_Task description_. The entries below contain a stretch that opens with the line containing "รายละเอียดราคาประกาศเที่ยงวันยางส่งออก F.O.B. ส่งมอบ" and closes with the line containing "Framed Matte Canvas"; set down that stretch exactly, both ends included, and nothing else.

_Provided records_.
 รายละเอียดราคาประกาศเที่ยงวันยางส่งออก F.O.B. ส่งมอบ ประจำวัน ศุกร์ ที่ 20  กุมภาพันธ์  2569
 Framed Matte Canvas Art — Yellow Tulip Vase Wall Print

--

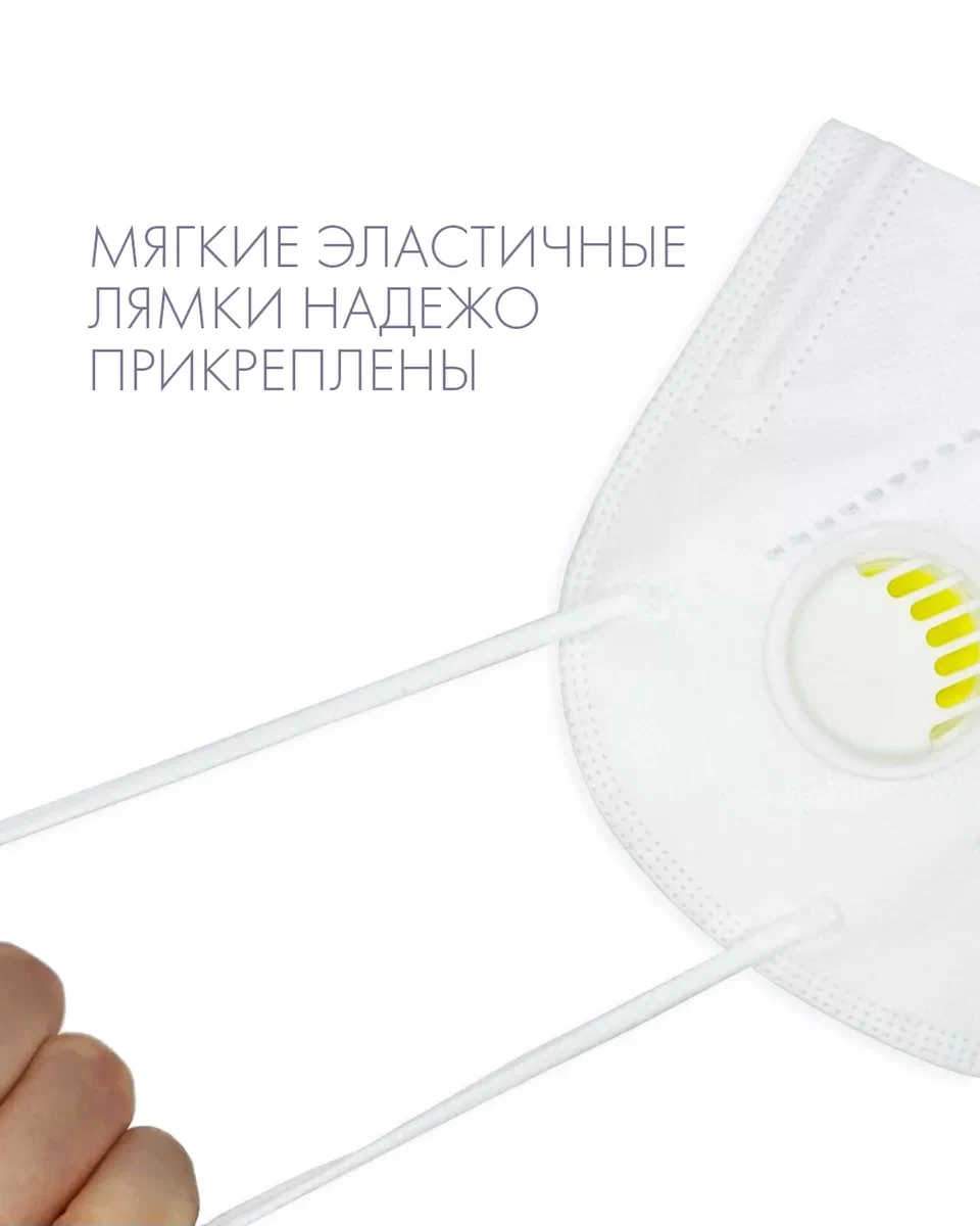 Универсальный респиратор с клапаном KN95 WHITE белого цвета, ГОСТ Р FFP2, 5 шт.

---

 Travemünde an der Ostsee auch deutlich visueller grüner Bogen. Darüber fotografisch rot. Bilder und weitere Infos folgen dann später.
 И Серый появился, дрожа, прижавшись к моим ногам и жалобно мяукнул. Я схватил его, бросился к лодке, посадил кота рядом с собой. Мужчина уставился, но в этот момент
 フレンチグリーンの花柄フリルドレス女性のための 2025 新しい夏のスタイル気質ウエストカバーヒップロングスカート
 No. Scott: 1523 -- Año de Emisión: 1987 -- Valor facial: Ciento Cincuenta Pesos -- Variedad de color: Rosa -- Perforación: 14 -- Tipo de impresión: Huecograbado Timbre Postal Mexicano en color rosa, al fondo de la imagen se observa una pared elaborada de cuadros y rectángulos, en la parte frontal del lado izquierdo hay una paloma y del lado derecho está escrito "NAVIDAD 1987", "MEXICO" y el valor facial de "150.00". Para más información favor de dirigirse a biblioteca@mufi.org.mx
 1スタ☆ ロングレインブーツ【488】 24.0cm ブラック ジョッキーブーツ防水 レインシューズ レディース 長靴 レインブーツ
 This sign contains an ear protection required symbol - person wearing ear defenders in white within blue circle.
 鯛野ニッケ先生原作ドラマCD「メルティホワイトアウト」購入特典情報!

_Reply to the task_.
 รายละเอียดราคาประกาศเที่ยงวันยางส่งออก F.O.B. ส่งมอบ ประจำวัน ศุกร์ ที่ 20  กุมภาพันธ์  2569
 Framed Matte Canvas Art — Yellow Tulip Vase Wall Print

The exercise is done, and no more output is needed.